# What you are asked to do:
In the entries that follow, the first line to write out is the one containing "4-piece set delivers", and the last is the one containing "또한 MIC는 상관계수처럼". Reproduce that stretch exactly, with nothing before or after it.

# Data:
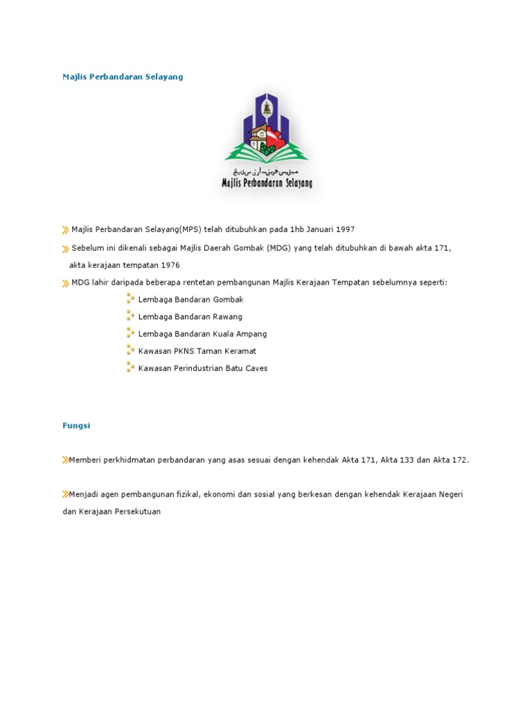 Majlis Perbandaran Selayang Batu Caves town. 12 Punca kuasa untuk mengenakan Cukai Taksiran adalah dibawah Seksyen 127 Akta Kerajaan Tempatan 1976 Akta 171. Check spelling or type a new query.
* * *
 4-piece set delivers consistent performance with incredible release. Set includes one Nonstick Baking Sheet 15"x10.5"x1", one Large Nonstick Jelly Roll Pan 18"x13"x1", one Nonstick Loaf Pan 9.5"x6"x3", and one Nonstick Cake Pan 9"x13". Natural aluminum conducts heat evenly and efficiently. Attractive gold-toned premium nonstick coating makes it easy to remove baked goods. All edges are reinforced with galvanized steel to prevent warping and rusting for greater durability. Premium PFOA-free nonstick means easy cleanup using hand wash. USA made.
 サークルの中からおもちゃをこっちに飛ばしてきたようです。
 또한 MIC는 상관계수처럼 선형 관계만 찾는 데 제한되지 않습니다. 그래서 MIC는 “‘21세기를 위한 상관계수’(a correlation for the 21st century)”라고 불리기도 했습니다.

# Written answer:
 4-piece set delivers consistent performance with incredible release. Set includes one Nonstick Baking Sheet 15"x10.5"x1", one Large Nonstick Jelly Roll Pan 18"x13"x1", one Nonstick Loaf Pan 9.5"x6"x3", and one Nonstick Cake Pan 9"x13". Natural aluminum conducts heat evenly and efficiently. Attractive gold-toned premium nonstick coating makes it easy to remove baked goods. All edges are reinforced with galvanized steel to prevent warping and rusting for greater durability. Premium PFOA-free nonstick means easy cleanup using hand wash. USA made.
 サークルの中からおもちゃをこっちに飛ばしてきたようです。
 또한 MIC는 상관계수처럼 선형 관계만 찾는 데 제한되지 않습니다. 그래서 MIC는 “‘21세기를 위한 상관계수’(a correlation for the 21st century)”라고 불리기도 했습니다.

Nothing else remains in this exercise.